Exercise: I would like the lines below, from the one with "Στις πρώτες ανακοινώσεις" through the one with "BATTERY TOOL USE AND CARE", copied exactly and without any pictures.

Records for this task:
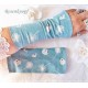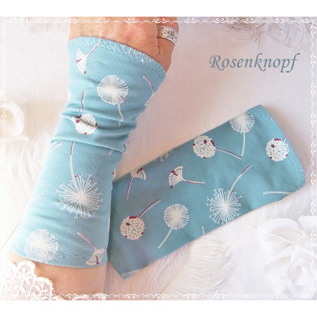 lll➤ Armstulpen/Pulswärmer aus Jersey in zartem Jadeblau mit Pusteblumen in Ivory.
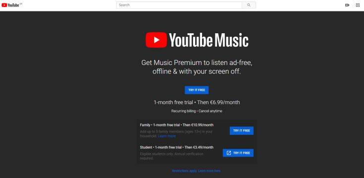 Στις πρώτες ανακοινώσεις που είχαν γίνει για το YouTube Music η τιμή ήταν 9,05 ευρώ το μήνα ενώ τώρα οι χρήστες μπορούν να το αποκτήσουν με συνδρομή 6,99 ευρώ το μήνα. Όπως φαίνεται και στην αρμόδια σελίδα του YouTube η μηνιαία συνδρομή μπορεί να γίνει συνεχόμενη με πάγια εντολή και να ακυρωθεί οποιαδήποτε στιγμή. Οι χρήστες θα μπορούσαν να χρησιμοποιήσουν την υπηρεσία για ένα μήνα δωρεάν. Η διαδικασία προσομοιάζει αρκετά με εκείνη του Netflix.
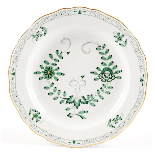 Teller, Form "Neuer Ausschnitt", Indische Malerei 2 mit Kante, grün, Goldpunkte, Goldrand, ø 22 cm
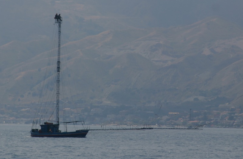 los dos de pasajeros que inicia la maniobra de salida acompañado del práctico, tres barcos pescando peces espada… esto se anima, nos encontraremos todos en el centro y nosotros ya vamos a 8 nudos, NO queremos ni imaginarnos que debe ser cruzar este estrecho de subida, haciendo bordos y esquivando a todos….Pasamos este cruce todo lo rápido que podemos y comenzamos, una milla más al sur, a cruzar hacia Calabria.
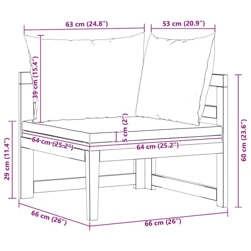 Насладете се на комфортно време за отдих във вашето външно пространство с приятелите или семейството си на този дървен ъглов диван! Този градински ъглов диван е изработен от масивно акациево дърво – твърда дървесина с плътни шарки. Този красиво проектиран градински ъглов диван е стабилен, издръжлив и впечатляващ. В допълнение, изящната изработка и красивите дървесни шарки правят всяка мебел малко по-различна от останалите. Включените възглавници допринасят за допълнителния комфорт по време на почивка. Забележка: За да удължите живота на вашите градински мебели, препоръчваме ви да ги почиствате редовно и да не ги оставяте ненужно на открито без защита.Почистване: Използвайте мек сапунен разтвор.Съхранение: Ако е възможно, съхранявайте на хладно и сухо място на закрито. Ако продуктът се съхранява на открито, защитете го с водоустойчиво покривало. Избършете и изсушете излишната вода или сняг от плоските повърхности след дъжд или снеговалеж. Позволете достатъчно циркулация на въздуха, за да избегнете повреди, свързани с влагата.
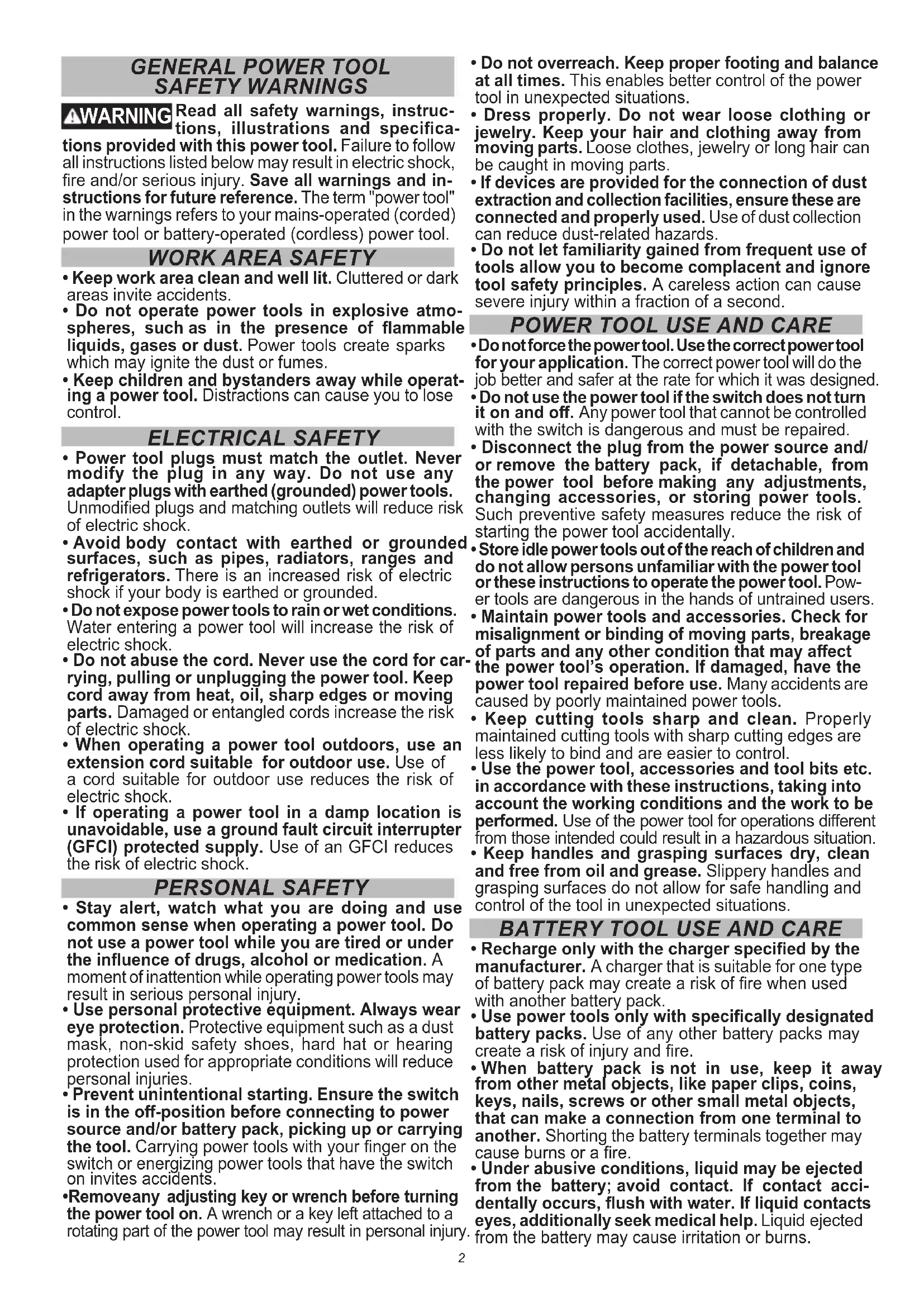 BATTERY TOOL USE AND CARE
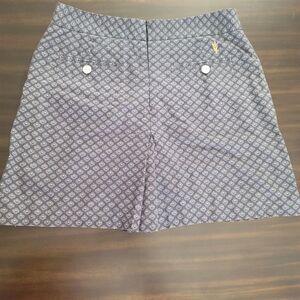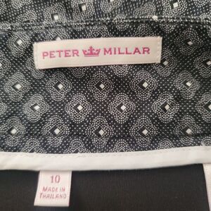 The product is a Peter Millar women's skort in size 10, featuring a black and white geometric pattern with accents of a zipper closure and moisture-wicking fabric. The skort is designed for athletic occasions such as golf, with a mid-rise fit and a short skirt length. Made from a blended fabric of spandex and cotton, it is machine washable and suitable for the summer, fall, and spring seasons. The brand, Peter Millar, is known for its designer and colorful outdoor styles, making this skort a versatile and stylish addition to any active woman's wardrobe.
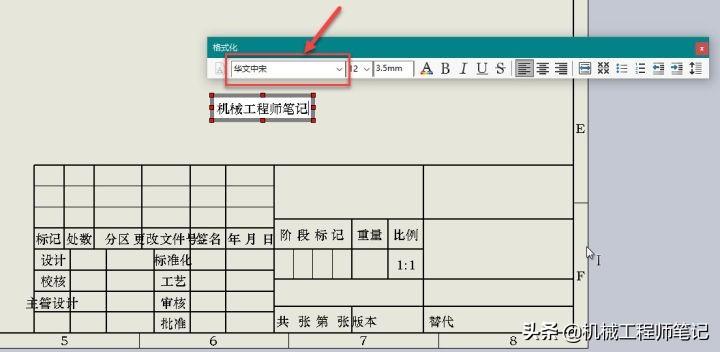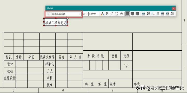 12.在新打开的工程图中,我们可以看到默认字体已经改变了。

Solution to the exercise:
 Στις πρώτες ανακοινώσεις που είχαν γίνει για το YouTube Music η τιμή ήταν 9,05 ευρώ το μήνα ενώ τώρα οι χρήστες μπορούν να το αποκτήσουν με συνδρομή 6,99 ευρώ το μήνα. Όπως φαίνεται και στην αρμόδια σελίδα του YouTube η μηνιαία συνδρομή μπορεί να γίνει συνεχόμενη με πάγια εντολή και να ακυρωθεί οποιαδήποτε στιγμή. Οι χρήστες θα μπορούσαν να χρησιμοποιήσουν την υπηρεσία για ένα μήνα δωρεάν. Η διαδικασία προσομοιάζει αρκετά με εκείνη του Netflix.
 Teller, Form "Neuer Ausschnitt", Indische Malerei 2 mit Kante, grün, Goldpunkte, Goldrand, ø 22 cm
 los dos de pasajeros que inicia la maniobra de salida acompañado del práctico, tres barcos pescando peces espada… esto se anima, nos encontraremos todos en el centro y nosotros ya vamos a 8 nudos, NO queremos ni imaginarnos que debe ser cruzar este estrecho de subida, haciendo bordos y esquivando a todos….Pasamos este cruce todo lo rápido que podemos y comenzamos, una milla más al sur, a cruzar hacia Calabria.
 Насладете се на комфортно време за отдих във вашето външно пространство с приятелите или семейството си на този дървен ъглов диван! Този градински ъглов диван е изработен от масивно акациево дърво – твърда дървесина с плътни шарки. Този красиво проектиран градински ъглов диван е стабилен, издръжлив и впечатляващ. В допълнение, изящната изработка и красивите дървесни шарки правят всяка мебел малко по-различна от останалите. Включените възглавници допринасят за допълнителния комфорт по време на почивка. Забележка: За да удължите живота на вашите градински мебели, препоръчваме ви да ги почиствате редовно и да не ги оставяте ненужно на открито без защита.Почистване: Използвайте мек сапунен разтвор.Съхранение: Ако е възможно, съхранявайте на хладно и сухо място на закрито. Ако продуктът се съхранява на открито, защитете го с водоустойчиво покривало. Избършете и изсушете излишната вода или сняг от плоските повърхности след дъжд или снеговалеж. Позволете достатъчно циркулация на въздуха, за да избегнете повреди, свързани с влагата.
 BATTERY TOOL USE AND CARE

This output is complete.